» Excerpted records

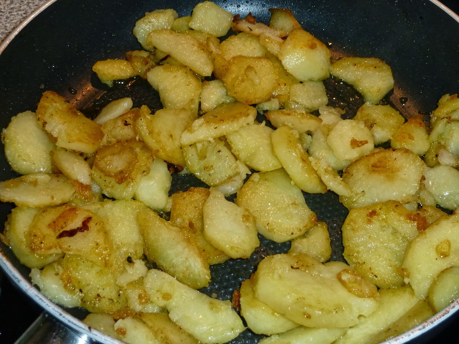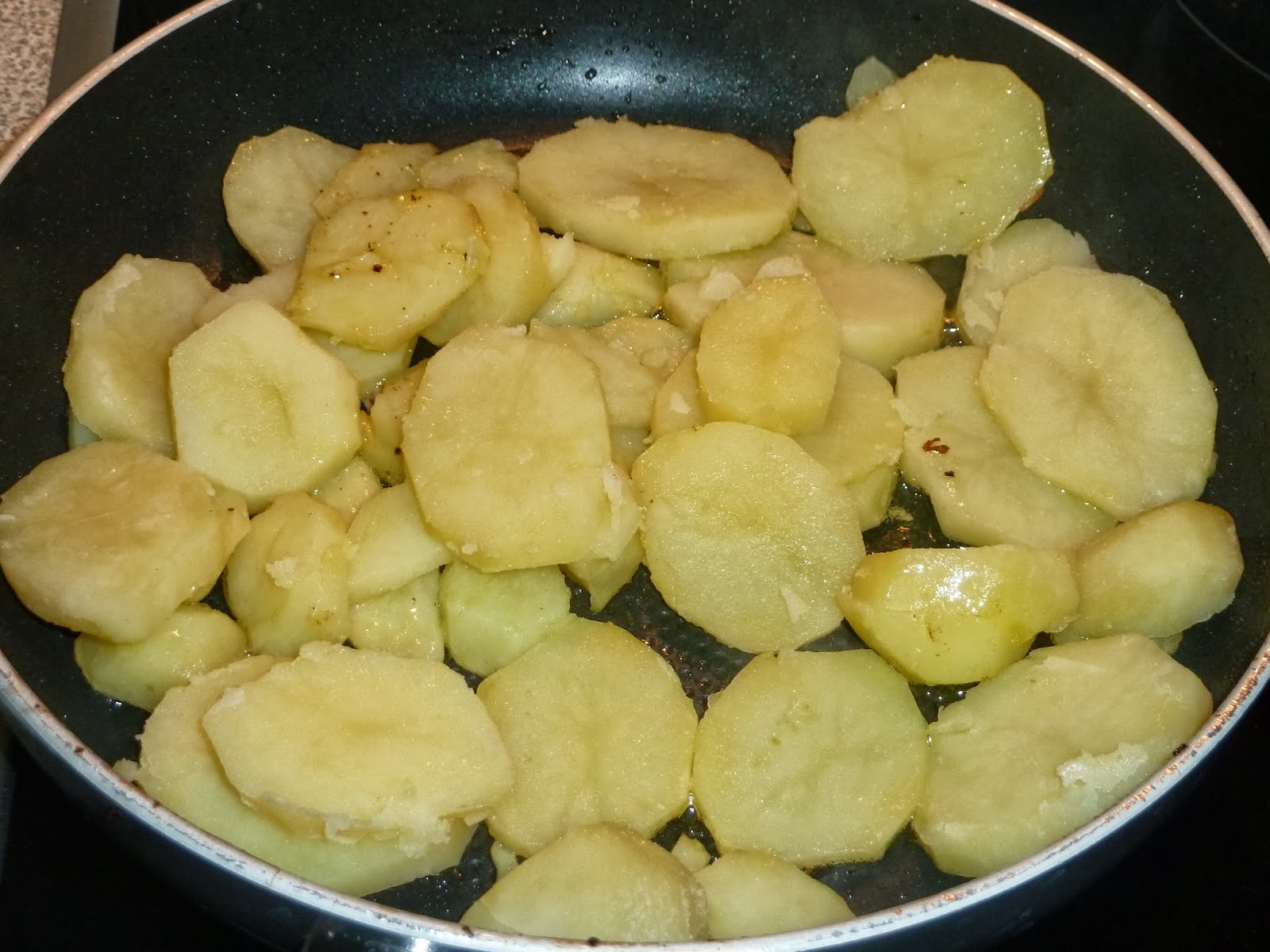 6) Αφού βγάλετε και τα λουκάνικα προσθέστε κι άλλο λάδι και σοτάρετε τις πατάτες μέχρι να γίνουν τραγανές και να έχουν χρυσαφί χρώμα.
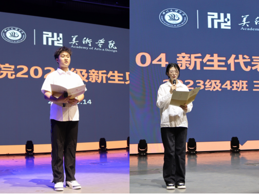 随后,老生代表2022级7班陈毅科、新生代表2023级4班王裕露分别发言。他们表示,要学好专业知识,通过大学激发自己的潜力,积极参与实践,助力全面发展;同时从明确目标、团结友爱、尊师肯学、严于律己等几个方面分享了如何规划老员工活。
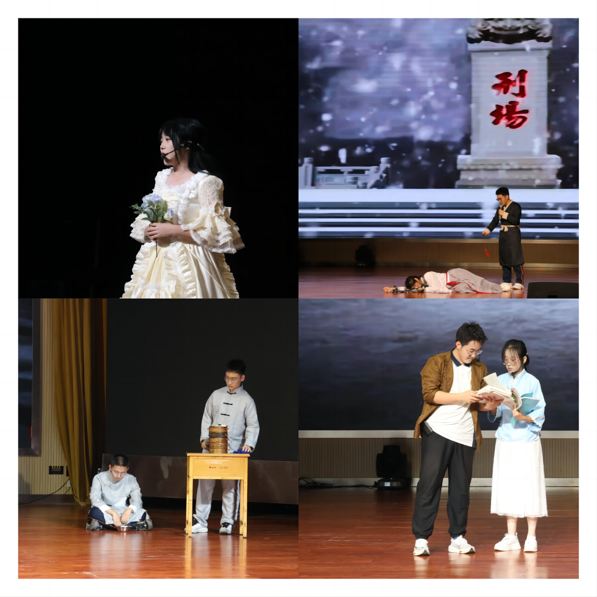 青春演绎时代精彩,矢志不忘家国情怀。研读经典,演绎经典,改编经典,会帮助同学们从经典中汲取爱国情怀与青春担当的营养,厚植文化自信。《红楼梦》《雷雨》《记念刘和珍君》《小二黑结婚》《茶馆》《氓》《鸿门宴》等经典作品搬上舞台,达到了以演促学,以美育情的效果。精心打造的台词、专业的舞台设计、逼真投入的表演也为演员们赢得了场下观众热烈的掌声。
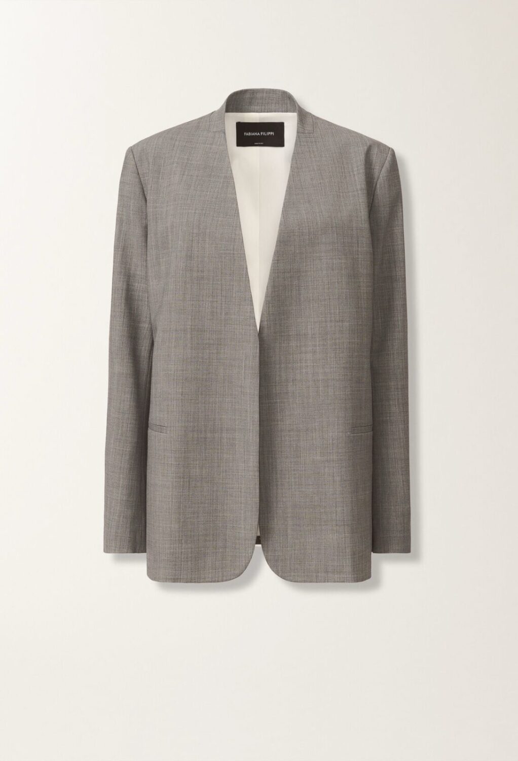 Elegantní sako z kostýmové vlněné látky, které vytváří dokonalý outfit pro moderní business ženu. Precizní střih a nadčasový design podtrhují sofistikovaný a profesionální vzhled.
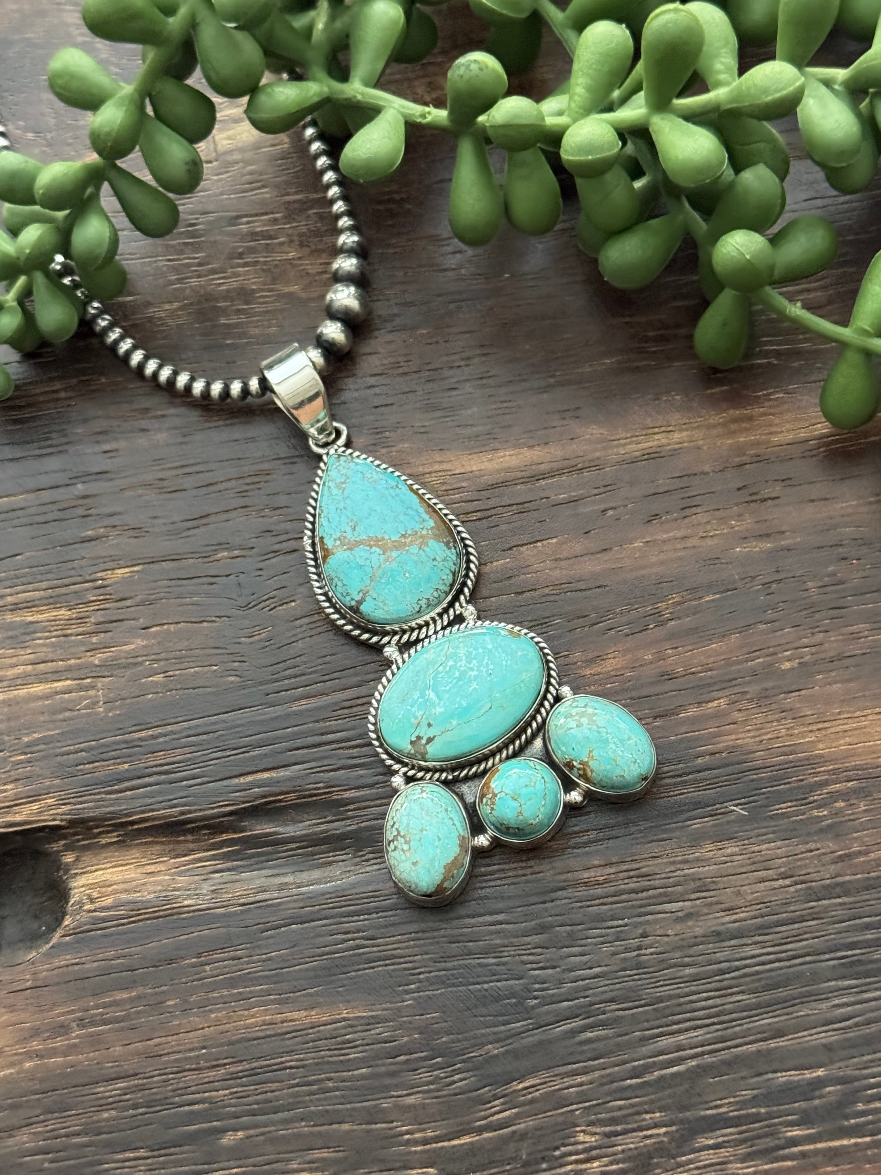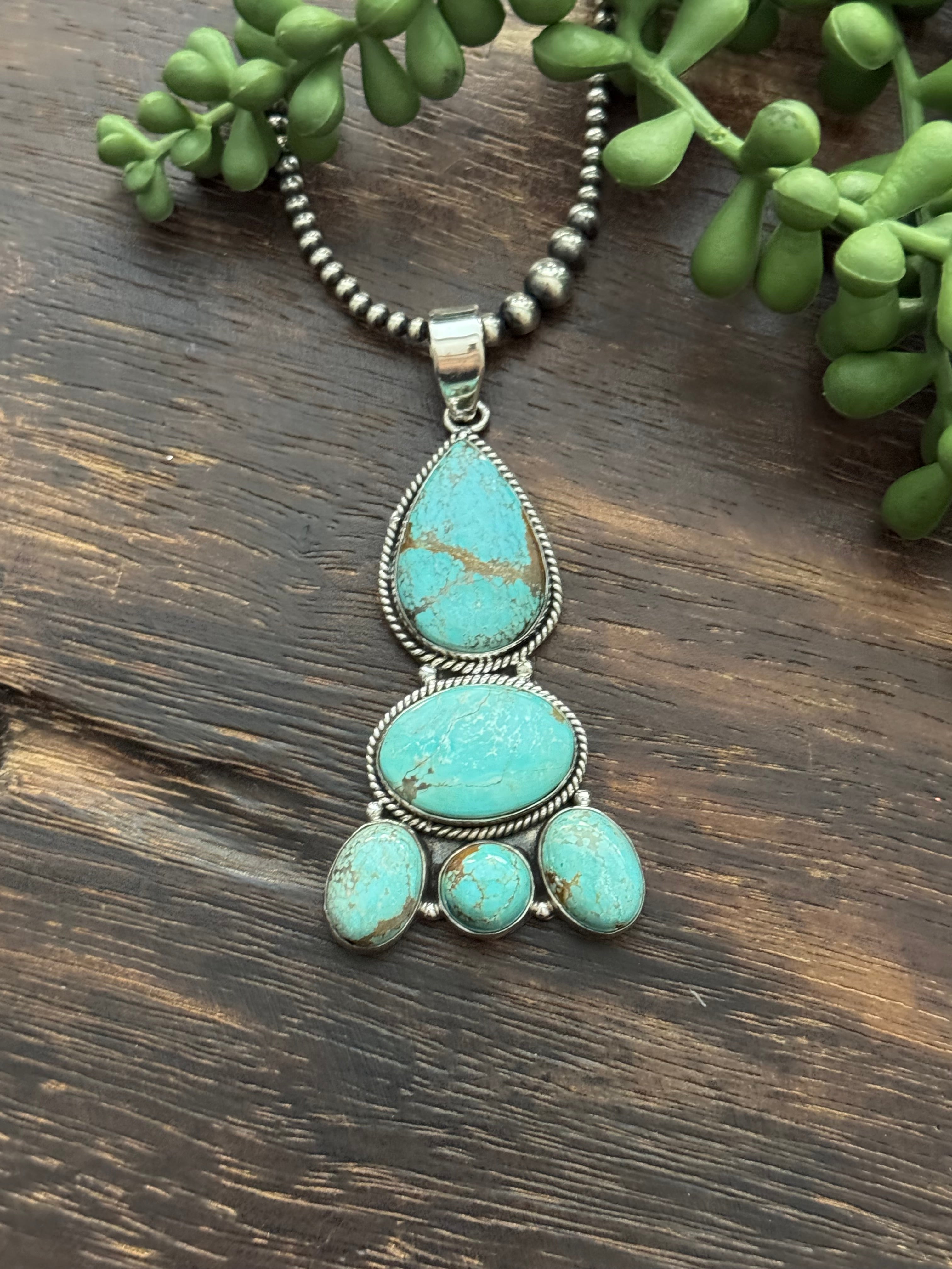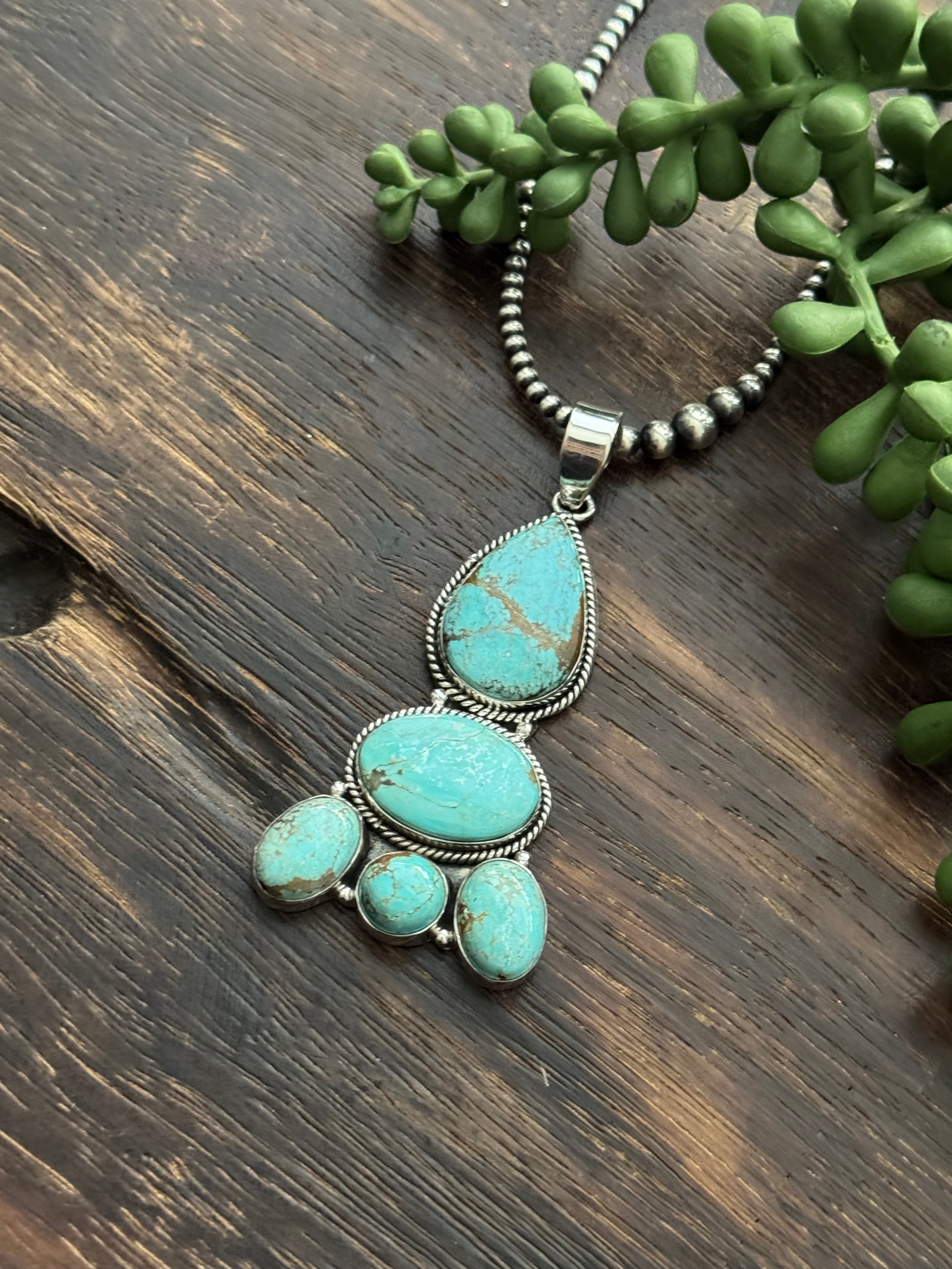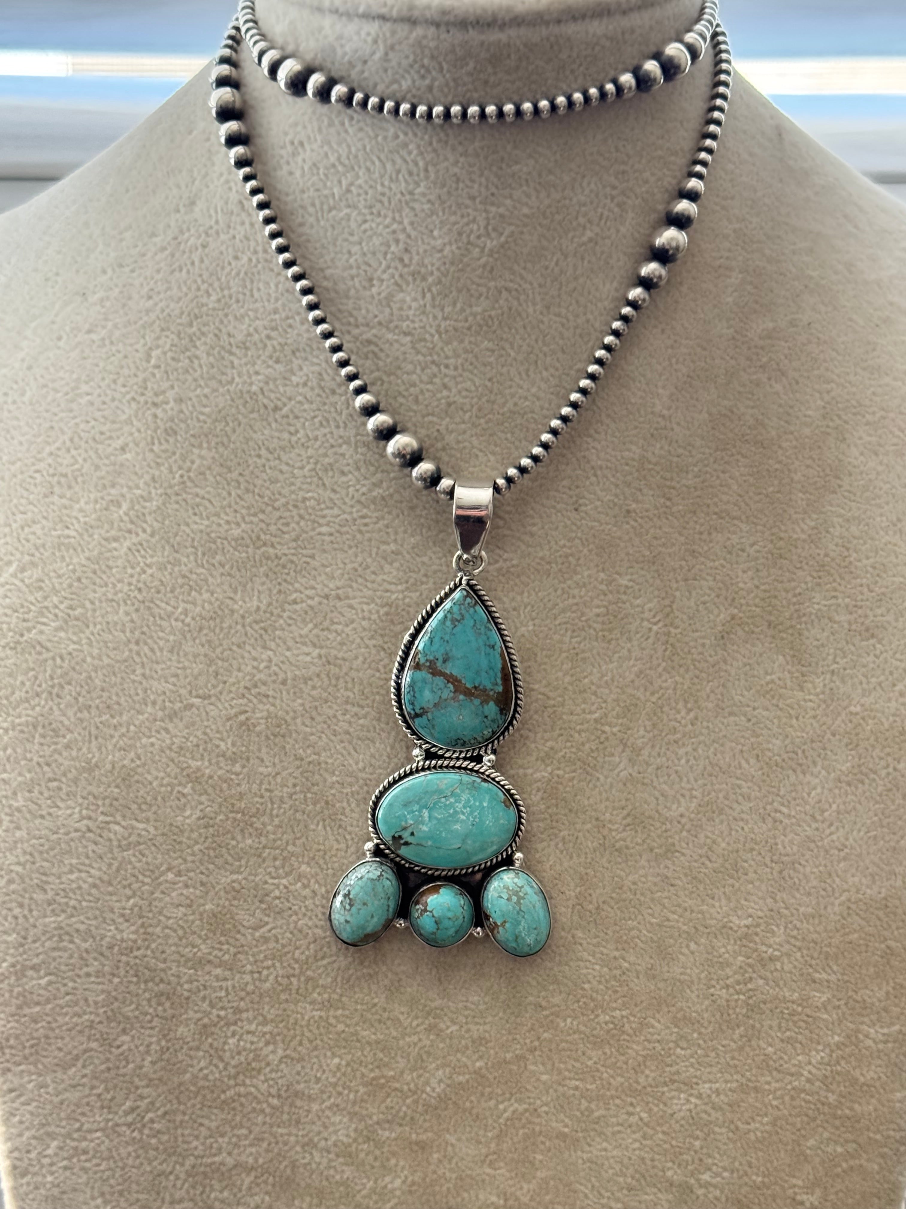 Southwest Handmade #8 Turquoise & Sterling Silver Cluster Pendant

» Exercise objective
The exact lines from the beginning of the data through the one that contains "Elegantní sako z" must be given again, both ends included, and pictures must be left out.

» Reply
 6) Αφού βγάλετε και τα λουκάνικα προσθέστε κι άλλο λάδι και σοτάρετε τις πατάτες μέχρι να γίνουν τραγανές και να έχουν χρυσαφί χρώμα.
 随后,老生代表2022级7班陈毅科、新生代表2023级4班王裕露分别发言。他们表示,要学好专业知识,通过大学激发自己的潜力,积极参与实践,助力全面发展;同时从明确目标、团结友爱、尊师肯学、严于律己等几个方面分享了如何规划老员工活。
 青春演绎时代精彩,矢志不忘家国情怀。研读经典,演绎经典,改编经典,会帮助同学们从经典中汲取爱国情怀与青春担当的营养,厚植文化自信。《红楼梦》《雷雨》《记念刘和珍君》《小二黑结婚》《茶馆》《氓》《鸿门宴》等经典作品搬上舞台,达到了以演促学,以美育情的效果。精心打造的台词、专业的舞台设计、逼真投入的表演也为演员们赢得了场下观众热烈的掌声。
 Elegantní sako z kostýmové vlněné látky, které vytváří dokonalý outfit pro moderní business ženu. Precizní střih a nadčasový design podtrhují sofistikovaný a profesionální vzhled.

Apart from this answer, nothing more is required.